In emergency departments across the University of Pennsylvania Health System, a small shift in how doctors encounter their patients—a pre-populated prescription form here, a triage question there—has transformed the treatment of alcohol use disorder from a rare offering into something approaching standard care. The change is dramatic: researchers at Penn Medicine's Nudge Unit have increased the likelihood that a patient will leave the ED with a prescription for naltrexone, a medication that can blunt cravings and dull the rewarding effects of alcohol, by 15-fold.
The scale of missed opportunity has been staggering. Nationally, only 1.9% of people with alcohol use disorder receive any medication to treat their condition. In emergency departments specifically, that figure plummets to just 0.5%—a gap that persists despite naltrexone's proven effectiveness. Research shows that one in eleven patients with alcohol use disorder quit drinking entirely when taking the medication, while the typical patient cuts their heavy drinking days by one to two days per month.
Jeffrey Ebert, Ph.D., director of Applied Behavioral Science at Penn Medicine's Nudge Unit and lead author of the study published in the Annals of Emergency Medicine, saw this disparity as a problem of systems design rather than evidence. "Nationally, because of stigma and a lack of awareness, we are missing out on a huge opportunity to offer effective treatment to patients who struggle with alcohol," Ebert said. "Our work shows that it only takes a small adjustment to make a huge impact on who gets the medicine they need."
The intervention unfolded in two phases across four University of Pennsylvania hospitals, with two others serving as controls. In the first phase, beginning in March 2024, the team established standardized care steps for patients presenting with alcohol use disorder or problematic drinking, along with a discharge order form that came pre-populated with a naltrexone prescription. At baseline—measuring two-and-a-half years before the nudges—only 0.2% of patients with an alcohol-related diagnosis received naltrexone from the ED. When Phase 1 launched, that jumped to 2.7%.
Three months later, in August 2024, the second phase added screening questions about alcohol to routine triage and created a banner alert in patients' electronic health records. When a physician saw the alert and clicked through, they were guided directly to the standardized treatment protocol and prepopulated order. This phase pushed prescriptions higher still: 3.2% of eligible patients received naltrexone, translating to 99 prescriptions in just over a year.

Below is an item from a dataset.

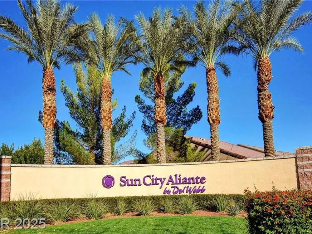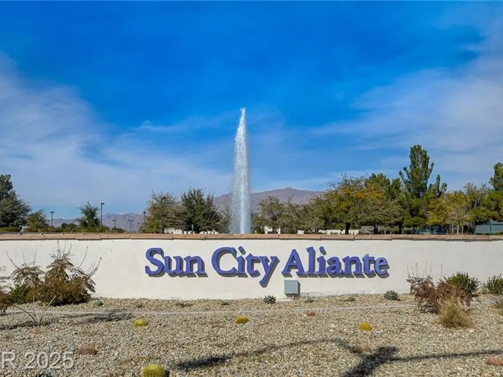 Situated w/in the esteemed 55+ community of Sun City Aliante, this well maintained 3-bedroom residence presents an exceptional opportunity for individuals seeking both an active & tranquil lifestyle. Positioned on a premium corner lot, the property provides enhanced privacy with a block wall & benefits from abundant natural light through four solar tubes brightening the interior spaces. The open concept layout efficiently integrates the living, dining, & kitchen areas, offering an optimal setting for entertaining guests or relaxing in comfort. Each bedroom is suitably sized to accommodate visitors or personal interests, while the primary suite features a private bath & a spacious closet. Community residents have access to extensive amenities including a golf course, recreation center, pool, spa, & diverse social clubs, all contributing to a vibrant & fulfilling retirement environment. This home delivers a compelling option for those pursuing a refined & rewarding retirement experience.
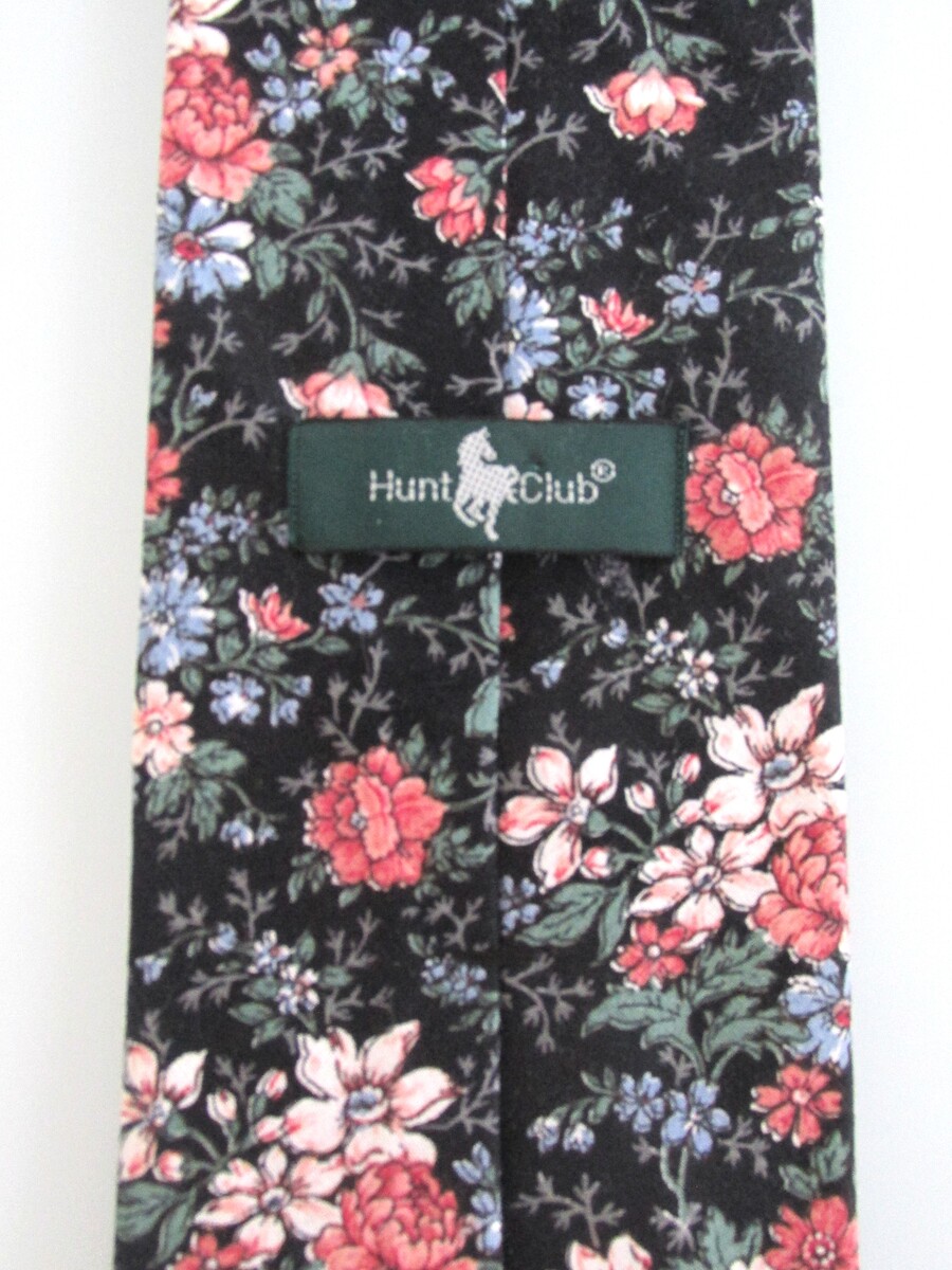 Description: Up for sale is a Hunt Club men's cotton floral tie. It is handmade in Portugal of 100% cotton. The dimensions are approximately 56" long x 3.90" wide. The tie has a multicolored colorful floral pattern in pink, blue, lavender, green white on a midnight blue background. This tie is in excellent condition.

What made the difference wasn't a new drug or a major clinical breakthrough—it was removing friction from existing practice. As M. Kit Delgado, MD, MS, senior author and faculty director of the Nudge Unit, explained, the team was careful to avoid overwhelming busy clinicians. "We were very cognizant of the 'alert fatigue' that clinicians experience, so we were sure to make the emergency department electronic health record screening prompts and pre-populated orders seamless, user-friendly, and removed some dated components to make sure there was no extra clutter or time burden."

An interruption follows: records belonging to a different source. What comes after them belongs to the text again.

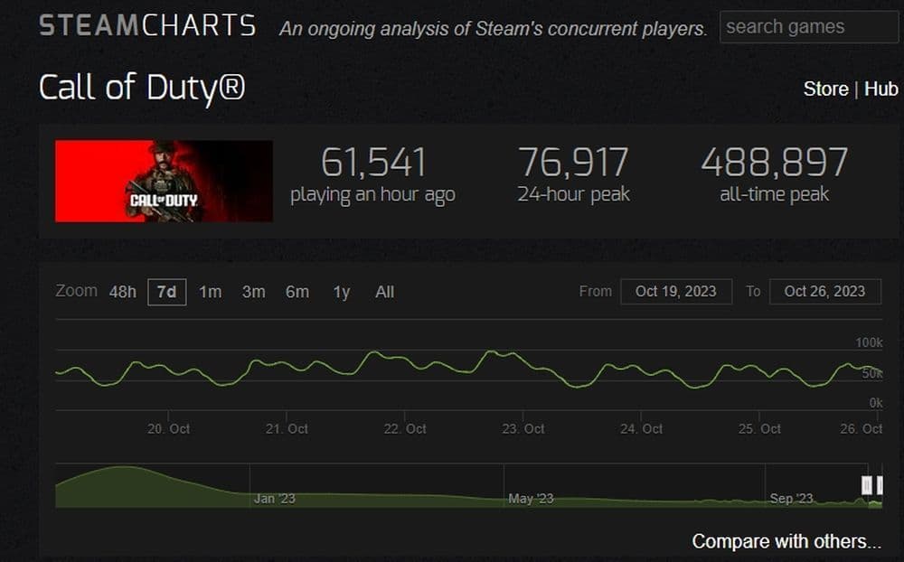 Over the past 30 days, the average number of players in Warzone 2 and Modern Warfare 2 has been around 66,446.6. More impressively, the peak player count for this month reached a remarkable 186,402. These figures underline the immense appeal of Warzone 2 and its thriving player base.
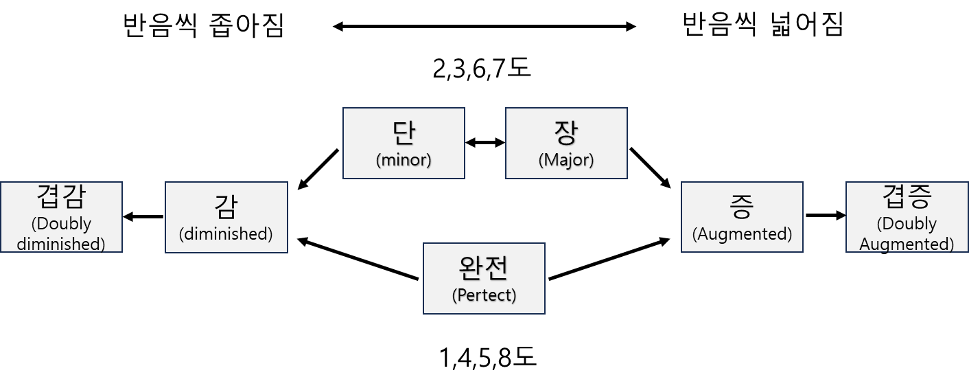 장음정(Major)과 단음정(Minor): 2도, 3도, 6도, 7도는 '장'(메이저)과 '단'(마이너)으로 구분됩니다. 예를 들어, 장3도, 단3도 등.
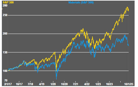 In the absence of a market force equivalent to the industrialisation of China, which precipitated an upward break in prices in the early 2000s, a moderate upward drift in sector equity prices over the medium term is likely to persist.
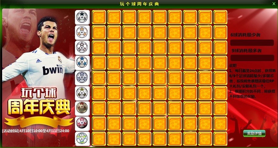 3、活动期间,每活动日截止24:00时,翻得第6个球消耗最少银币者,系统将免费赠送最佳RP大礼包,礼包内含:7级合同一个,5级装备套一套,战术积分卡10000点。同时,获得第9个球消耗最多银币者,系统将免费赠送消费礼包,礼包内含:球员经验卡10000点,训练卡100000点,战术积分卡10000点,袖标5级*1。最佳RP礼包及消费礼包会直接发放到符合条件的玩家背包中。
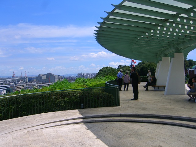 高台にある中心部分の展望台から場所からベイブリッジや横浜市内が見渡せ気持ち良いです。北西側のフランス山は木々が生い茂り展望台とは雰囲気が異なります。木陰にはベンチもあり暑さをしのぎました。南東側にはローズガーデン、大佛次郎記念館、県立神奈川近代文学館があります。
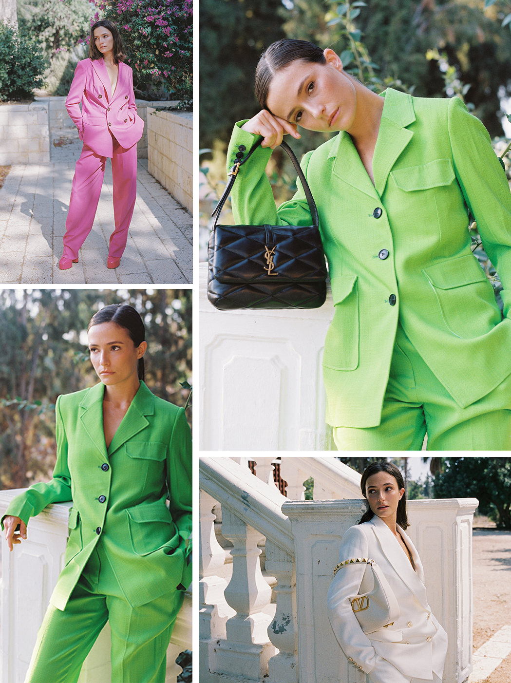 עבור מי שמעוניינת להתרחק קצת מהקונספט הלבן, נמליץ לשים לב לשניים מהגוונים המדוברים של העונה: ורוד וירוק. ליהי מצולמת בחליפה ורודה סגלגלה בעיצוב המותג DSQUARED2. הלוק מורכב מחליפת מכנסיים בצללית קלאסית, לה הותאמו עקבי פלטפורמה מסדרת TAN-GO ותיק כתף עם אבזם לוגו משובץ אבנים, שניהם בעיצוב VALENTINO.

The control hospitals, where no nudging occurred, saw naltrexone prescribing remain near baseline at 0.3%. The contrast is striking: small design choices in how information is presented and how work is structured can reshape access to lifesaving treatment. For patients struggling with alcohol use disorder—a condition that claims tens of thousands of lives annually—the difference between 0.2% and 3.2% represents a genuine second chance.